Factors Contributing to India's Rise as a Global Economic Leader
It is undeniable that India is currently an attractive market for investors worldwide, boasting a high market value and rapid development and growth. This can be seen from the GDP growth statistics of India from 2010 to 2018, where the country experienced an average GDP growth rate of 7% per year (Source: countryeconomy.com). In 2018, India had a GDP value of over 2,957.72 billion USD, ranking 5th in the world, and it is projected that by 2050, India will have the 2nd largest GDP in the world. So what are the reasons that have led India to become a leader in the global economy? Terrabkk summarizes the factors that will enable India to become a leader in the future global economy as follows:
- India is the second most populous country in the world
Currently, the most populous country in the world is China, with a population of 1,418,256,055, accounting for 18.41% of the world's population. This has resulted in China having the highest market value in the world. In contrast, India, which has the second-largest population in the world, stands at 1,363,416,218, making up 17.74% of the global population. The population difference is not significant, indicating a similar demand and purchasing power in the Indian market compared to China. This is another factor contributing to the rapid growth of India's GDP (Source: based on the latest United Nations estimates).

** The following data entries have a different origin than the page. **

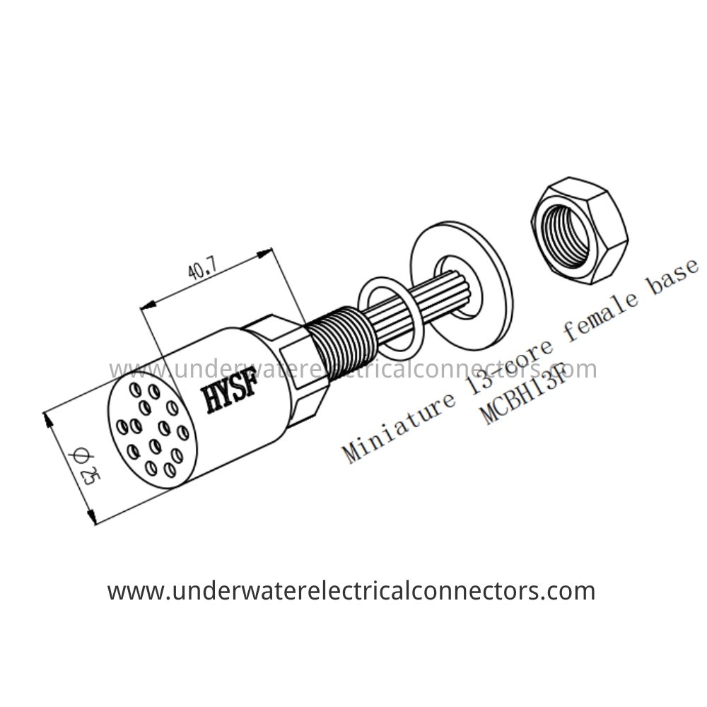 HYSF MCBH13F는 심해 맞춤형 시스템에서 패널을 안전하게 장착할 수 있도록 설계된 고성능 13핀 암 벌크헤드 방수 커넥터입니다. 일반적으로 특수 수중 센서 플랫폼, ROV 도구 인터페이스, 해저 데이터 장치 및 밀봉된 홀수 핀 인터페이스가 필요한 해양 연구 장비에 적용됩니다. 해양 등급 소재, 금도금 구리 합금 접점, 견고한 네오프렌 몰딩으로 제작되어 IP68 보호 등급을 제공하며 60MPa 압력(수심 6000m)을 견뎌냅니다. 내식성이 뛰어나 까다로운 해저 환경에서도 오래 사용할 수 있습니다.
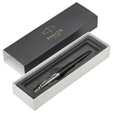 Push-button retractable ballpoint in black with chrome trim. Fitted with a standard Parker refill in medium blue.
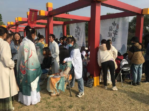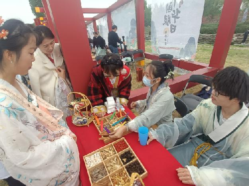 4月22日至23日,我校受共青团中央宣传部的邀请,派出优秀志愿者参加“中国华服日”,并在活动展示了香囊制作、叶脉书签、手诊、耳针、推拿等项目。
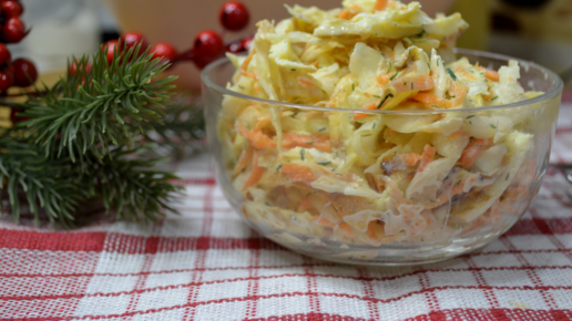 Салат Бюджетный из капусты и моркови с омлетными блинчиками
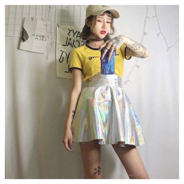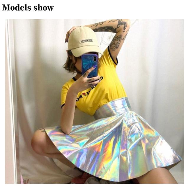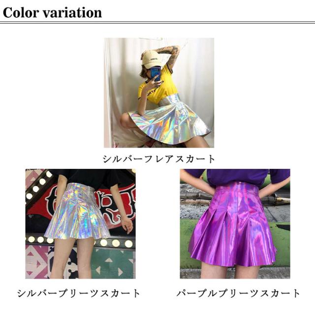フレアスカート プリーツスカート ミニスカート ハイウエスト オーロラカラー オシャレ 奇抜 派手 個性的 ダンス 衣装 コスチューム ヒップホップ HIPHOP シルバー キラキラ ショート丈 ミニスカ レディース ガールズ キッズ
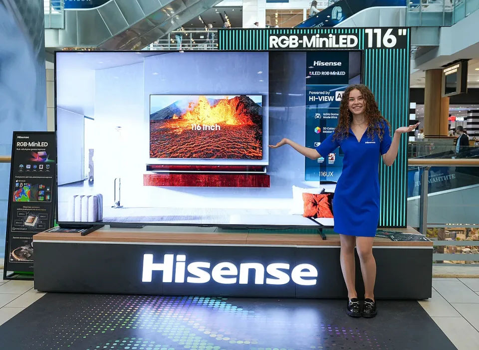 Световният технологичен лидер Hisense представя в България първия в света 116-инчов RGB MiniLED телевизор – Hisense 116UXQ. Всеки ден до 12 октомври посетителите на The Mall в София ще могат да „видят голямата картина“ и да изпитат лично въздействието на технологията, която променя всичко, което знаем за телевизията. Гостите ще имат възможност не само да станат свидетели на технологична премиера, но и да спечелят от 1000 награди в RGB цветове на място.
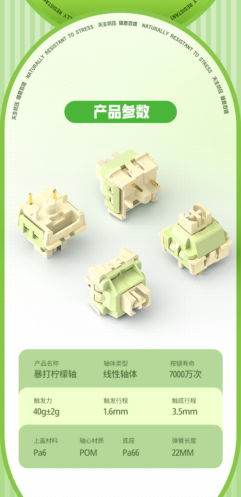재고 크로스 보더 아마존 비트 레몬 샤프트 HiFi 부드러운 가벼운 압력 선형 사용자 정의 기계식 키보드 샤프트 바디스토어 가기
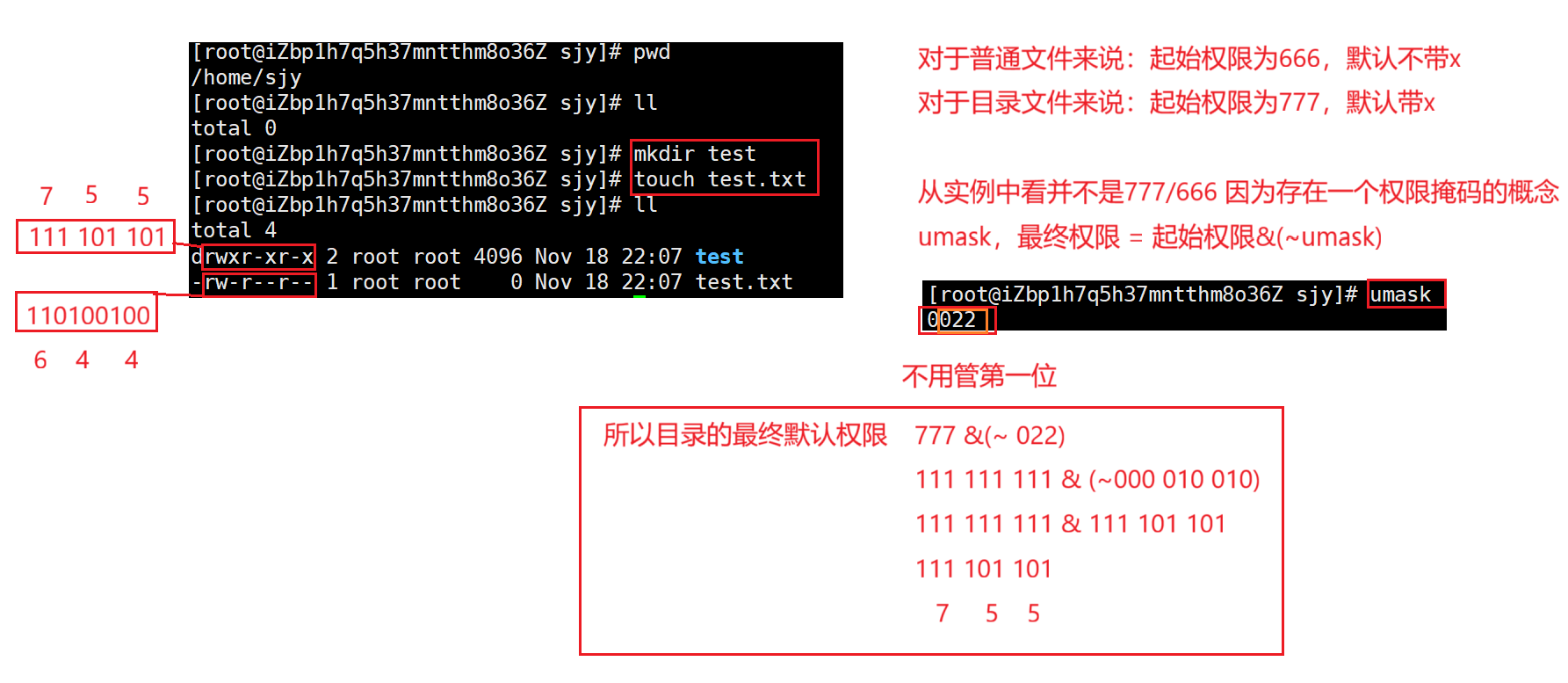 umask 目的是什么:希望凡是在umask中出现的权限,都不应该在最终权限中出现

- Bangalore: The Silicon Valley of India, a hub for information technology and a gathering place for global outsourcing companies
Bangalore, known as the Silicon Valley of India, is the economic zone for technology in India, home to leading technology companies both globally and within India, such as Biocon, the largest biotechnology company in India. Notably, Bangalore is also home to six unicorn startups valued at over 1 billion USD that have yet to be listed on the stock market, including OLA Cabs Application for car rentals and BYJU’S Application for educational resources, making this location attractive to investors from around the world.

- A workforce with world-class skills
According to a survey by Knowledge Junction Facebook Page, it was revealed that 25% of doctors in America are Indian, 30% of personnel at NASA are Indian, 34% of employees at Microsoft are Indian, 28% of IBM (computer manufacturer) staff are Indian, 27% of Intel (computer manufacturer) personnel are Indian, and 32% of scientists in America are Indian.
Additionally, many executives in global companies are either Indian or of Indian descent, such as Sundar Pichai, CEO of Google, Satya Nadella, former CEO of Microsoft, and Anshu Jain, CEO of Deutsche Bank. This indicates that Indians are a highly capable workforce in the global market, spread across the world. Just imagine if one day, these Indians return to do business in their own country, how rapidly India could develop.

- The "Make in India" policy aimed at reducing redundant business processes to attract foreign investment
The main idea of this campaign is to change the image and attitude of the Indian bureaucracy, which has historically adhered to the License Raj system, where officials have the power to permit or deny private businesses. This has made doing business in India complicated and cumbersome. The new policy aims to create a partnership image with the private sector for investment in India, emphasizing support rather than permission. This includes reducing bureaucratic red tape and rolling out the red carpet for private enterprises by creating a conducive business environment. The government has established an organization called Invest India, a non-profit entity co-funded by the Indian government and the Federation of Indian Chambers of Commerce and Industry (FICCI). Importantly, the Indian government is also preparing to amend regulations related to foreign business operations in India, such as eliminating redundant licensing requirements, extending license durations from 1 year to 3 years, developing a one-stop online service (eBiz) for license applications, implementing a single tax system (GST), and increasing FDI in various sectors. This makes foreign investment processes streamlined, quick, and promptly addressed.

Terrabkk believes that these four main factors may contribute to India's rise as a global economic leader. However, if anyone thinks there are other factors influencing India's ascent, please feel free to share your thoughts and knowledge for everyone to analyze and consider.